Farren-Price identified “low hanging fruit” for the tanker and offshore sectors around a massive development connected to the West Qurna oil field near the Iran-Iraqi border. But that would depend on the oil majors getting contracts they could work with otherwise Iran would find itself “limited by its access to capital”, Farren-Price said.


“I think the Iran government, in as much as it can control policy, needs to push forward very distinctly and lay out the basic vision for investment in the oil and gas sector. And it has to be done with a little bit more urgency frankly,” Farren-Price said.  



“There always seems to be a reason with Iran why there needs to be six month delay.
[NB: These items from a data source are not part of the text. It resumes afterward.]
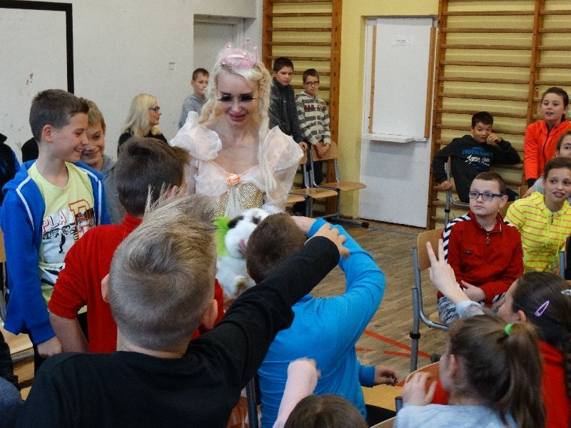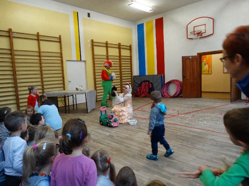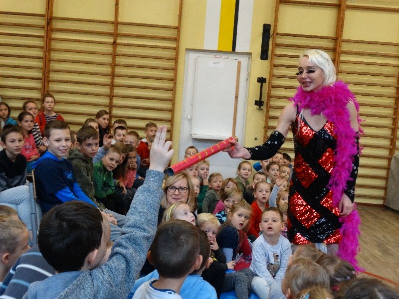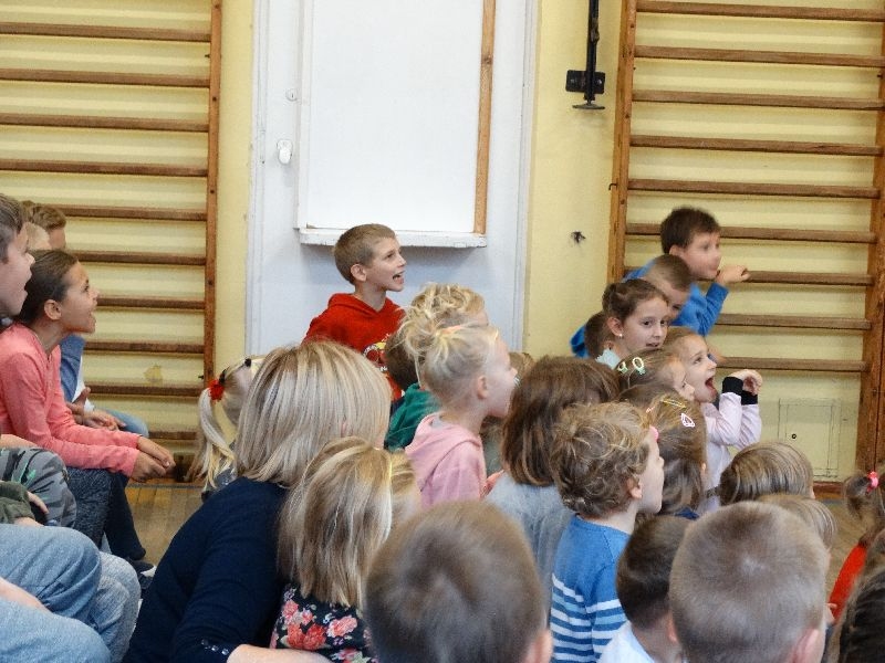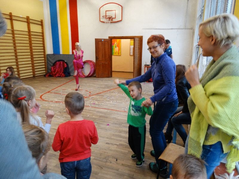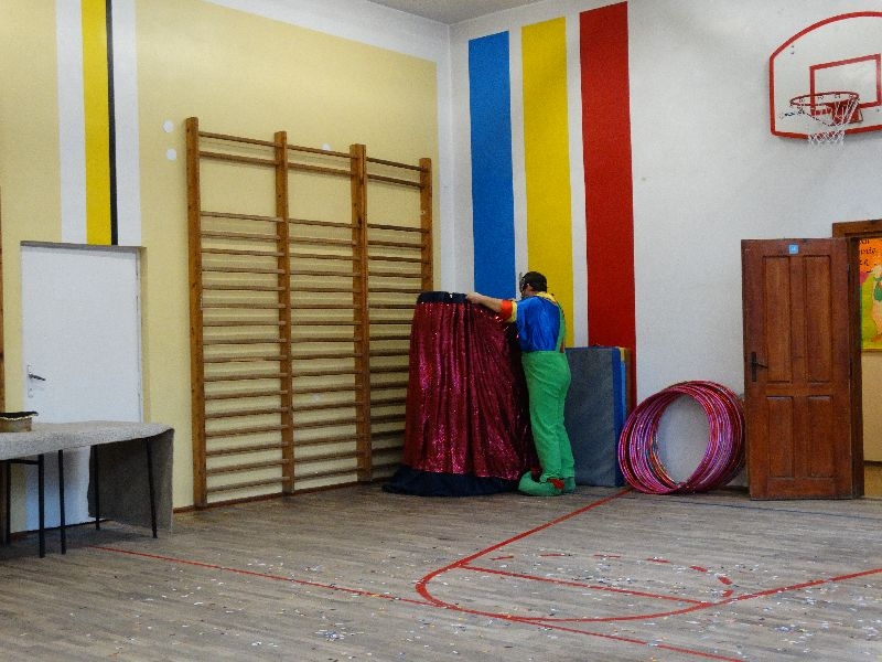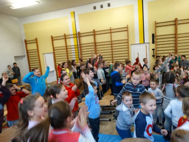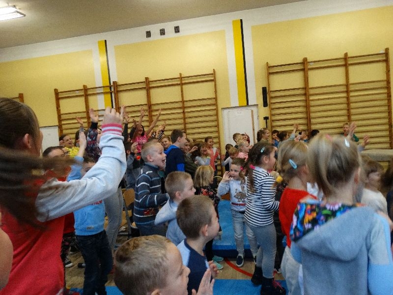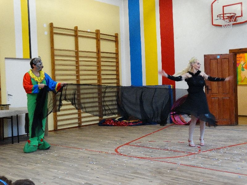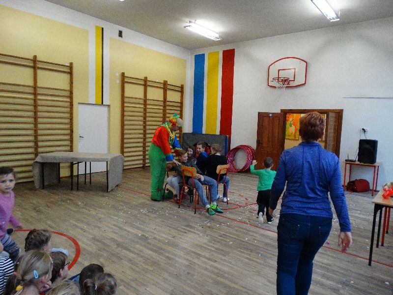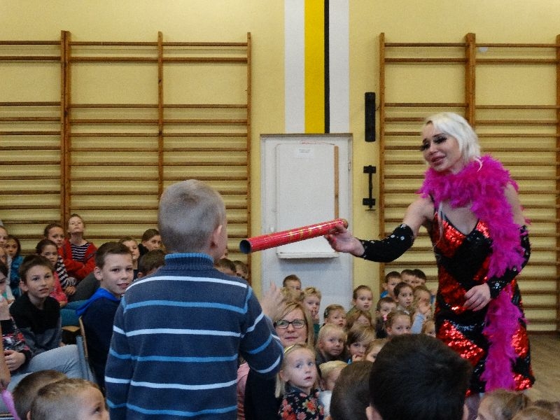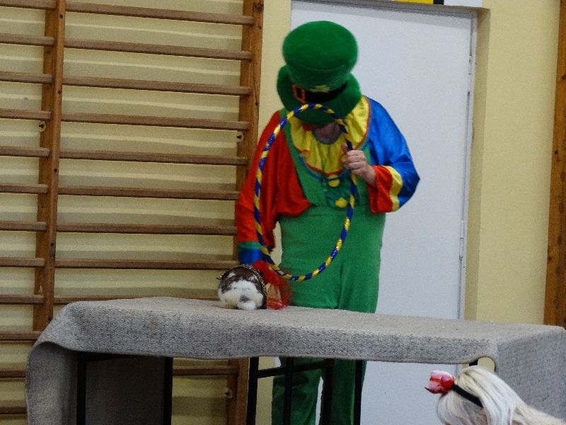 W tym dniu przybyła do nas dwuosobowa grupa cyrkowa ,która pokazała swoje umiejętności cyrkowe ,a szczególnie pani ,która popisywała się sprawnością i umiejętnościami żonglowania kółkiem hula hop. Mieli też swoje zwierzątka (króliki) ,które różniły się od tradycyjnych znanych ras i były specjalnie tresowane do wykonywania niektórych sztuczek m.in. przeskakiwania przez kółka i pchania wybranych zabawek. Ponadto było też kilka sztuczek magicznych z chusteczkami. Nasi uczniowie mogli także zademonstrować swoje umiejętności kręcenia kółkami hula hop. Na koniec uczniowie pod nadzorem prowadzącego wykonali pewną ewolucje gimnastyczną ,która polegała na utrzymaniu tzw. czworokąta przez kilka sekund .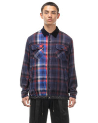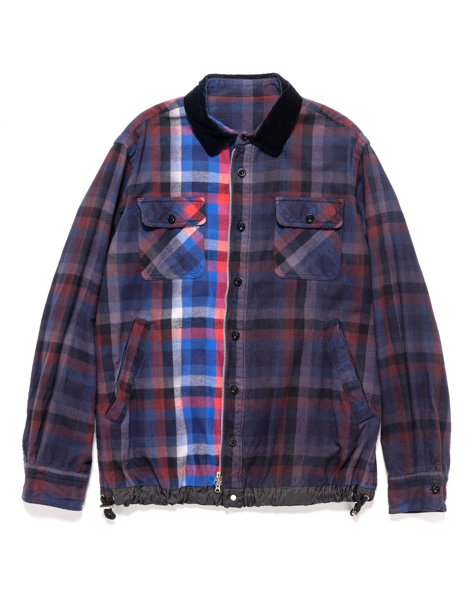 A multi colour plaid button down shirt with button cuffs. Contrast collar, buttoned chest pockets with slant hand pockets on each side. Contrast cinched hem with toggles, contrast collar and dual button/ zip front. Made in Japan. DETAILS - 22-02838M - 100% Cotton - Side hand pockets - Button chest pockets - Contrast collar - Button & zip fastening front - Contrast hem cinch - Made in Japan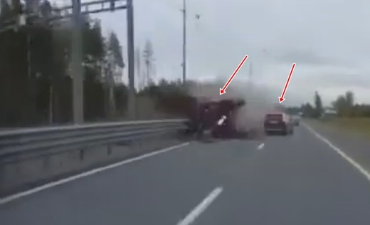 Abi pa kreiso autostrādes joslu braucošie transportlīdzekļi izglābjas brīdī, kad avarējošs kravinieks iztriecas cauri barjerām. Lasīt vairāk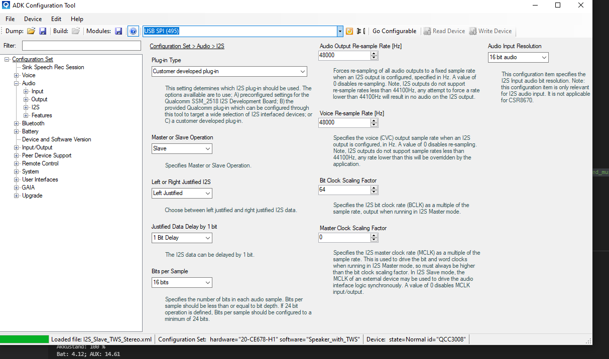 Verwendet wird ein QCC3008 Breakout-Board, welches Audio per Bluetooth empfängt und per I2S an einen ADAU1701 weiterleitet. Die passende Konfiguration etc. habe ich bereits in der ADK vorgenommen und ein Audio-Stream, mehrere angeschlossene Geräte etc. sind möglich. Jedoch ist das Ausgangssignal (QCC3008 --> ADAU1701 --> PCM5102) stark verrauscht und hört sich so an, als ob die Clocks nicht recht zueinander passen oder untereinander verzögert sind.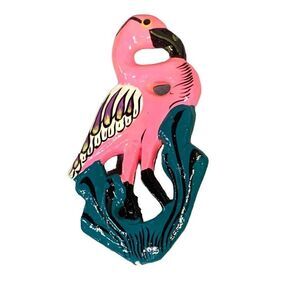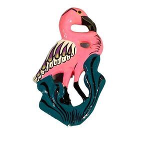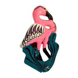 Vintage 2-1/2" Pink Flamingo in Grass Hand Painted Brooch

They need to resolve this, fix the IPC completely, or provide an alternative, and then they will win the prize which is the investment by the G20 IOCs (international oil companies) and they will not have to rely on investments from either within or countries where the investors are less preferable to them.”
  


Patrick Murphy, from the dispute resolution group at Clyde & Co, agreed exciting opportunities existed in Iran but acknowledged the US dollar currency elephant in the room when asked what could accelerate trade opportunities.  

“It would probably take one, two or three large banks to dip their toes in the water and say, yes we are going to start supporting business with Iran because then the fourth, fifth, sixth and seven can all say ’this is great, we are going to follow you now’,” Murphy said. 



“Until that happens, and whether that is even realistic, things are still going to be pretty heavy going.”

Atousa Mahmoudpour, who has previously practiced law in Iran, said Iranians themselves needed to “educate themselves” to understand the co-operation required for foreign entities to be able to invest in the country. 


“I was speaking at an oil and natural lubricant conference two weeks ago and a lot of Iranians attended this event and surprisingly a lot of them had no idea about the (business) basics we already know about, international rules and regulations, namely due diligence is a foreign concept to them,” said Mahmoudpour, head of the Iran desk at Dubai-based Fitchte Legal Consultants.


“More Iranians should seek to understand what is needed to facilitate doing business with Iran, it would make everyone’s life so much easier, such as obtaining documentation from Iranian [business partners and shareholders for example] to make the whole transaction a lot smoother.”